Hamar ist ganz angenehm angelegt. Es besitzt große Plätze, viele Springbrunnen und bietet von vielen Stellen aus

einen Blick auf den See. Trotzdem ist die Form der modernen Architektur im Ort eine weitgehend hässliche. Kantige Bauten mit bei Nässe dreckig wirkender Fassade beherrschen die Fußgängerzone.
Es ist Freitag nach 18:00 Uhr. Während in ganz Schweden gerade zahllose Mittsommernachtspartys ihren Höhepunkten zustreben, schwingt in Hamar der Heilige Schnarchsack das Zepter. Ein paar Gaststätten haben noch auf und Hunger macht sich bemerkbar. Es gibt Steakbars und Pizza-Grills. Ich betrachte die Preise an den Auslagen und überschlage den Umrechnungskurs. Dann überlege ich, wann ich das letzte mal hungrig ins Bett gegangen bin und ob das einen Alternative wäre. Letztlich landen meine Herzdame und ich in einem Container, der sich als Pizza-Grill herausstellt. Wir betrachten die Pizzasorten auf der Speisekarte. Die sind ganz abwechslungsreich. Meine heißt Moby Dick. Ich hoffe, da ist kein Wal drin. Ein Knoblauchbaguette vorher und ein Wein und ein Bier sowie zwei Pizzen kosten uns dann am Ende ca. 60 Euro. Der Preis scheint hier normal zu sein. Ich fürchte, die finanzielle Seite des Norwegenurlaubs wird eine schmerzliche.
Die Hotelbar hat zu. Vielleicht auch gut so. Auch das angepriesene Sushirestaurant des First Hotel Victoria kann uns nach der Pizzaerfahrung nicht mehr auf einen Nachtsnack locken.

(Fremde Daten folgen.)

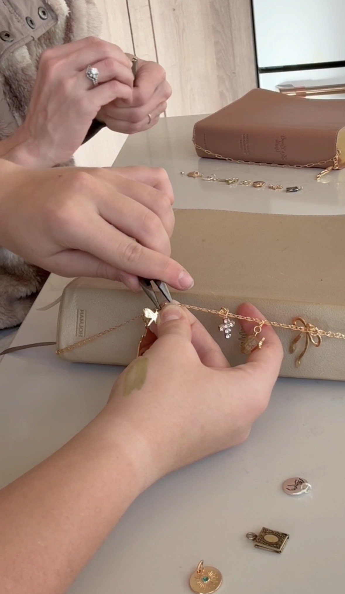 Such an easy way to add a little personality and meaning to something you use every day. Whether you keep it simple or load it up with charms, it’s a fun project to make your Bible feel even more special. If you try it, I’d love to hear how yours turns out!

Aus dem Fahrstuhl sind Brabbelgeräusche zu hören, noch bevor er angekommen ist und ich erwarte eine Schar schnatternder Japaner aus dem Blechkasten trällern. Doch der ist leer und schnattert nur elektronisch und auf norwegisch Ansagen, die dem internationalen Gast Hilfestellung und Wegweiser zugleich sein sollen.
Der Regen tropft lautstark auf das schräge Blechdach vor unserem Fenster. Wir löschen das Licht und freuen uns darauf, morgen weiter fahren zu dürfen.
Das Frühstück im Hotel findet im dritten Stock statt. Man kann also auf den See gucken, wenn man einen Tisch in der Nähe der Glasfläche findet.
Es ist voll. Japaner besitzen hier das gästemäßig größte Kontingent. Ein drahtiger, aber sehr kleiner, europäischer Mann Mitte Fünfzig mit modernem Bart sitzt in Blickrichtung. Er redet vor sich hin und ich denke mir, er telefoniert. Er guckt immer mal hin und her. Ein Telefon kann ich nicht entdecken. Ein bisschen gnatzig sieht er aus. Seine Sprache ordne ich ins skandinavische ein. Norweger. Sieht sogar echt griesgrämig aus, der Bursche. Es gibt da den Weltglücksbericht, der seit fünf Jahren als öffentliche Studie grassiert. Seit 2017 besetzen die Norweger Platz eins. Wiedereinmal bin ich mir nicht sicher, wie weit man Google vertrauen sollte.
Kurze Zeit später erscheint eine junge Trainingswäscheträgerin, die eine Sporttasche mit der norwegischen Flagge auf einen freien Platz schleudert. Klar. Olympiastützpunkt.
Die Japaner machen Witze, über die verhalten gekichert wird und über die man in Europa selten lachen kann, selbst wenn man Japanisch versteht. Aber es genügt schon einem norwegischen Fahrstuhl zuzuhören, um sich wie in “Lost uin Translation” zu fühlen. Eine arabische Familie am Nachbartisch albert mit den Kindern rum. Wenigstens das sieht normal aus. Geschirr klappert und ganz leise hört man die Werbung eines norwegischen Radiosenders aus den Boxen in der Decke kleckern. Frühstück im Hotel einer gewöhnlichen Stadt in Innern Norwegens.
Wir checken aus und machen uns auf den Weg Richtung Sognefjord.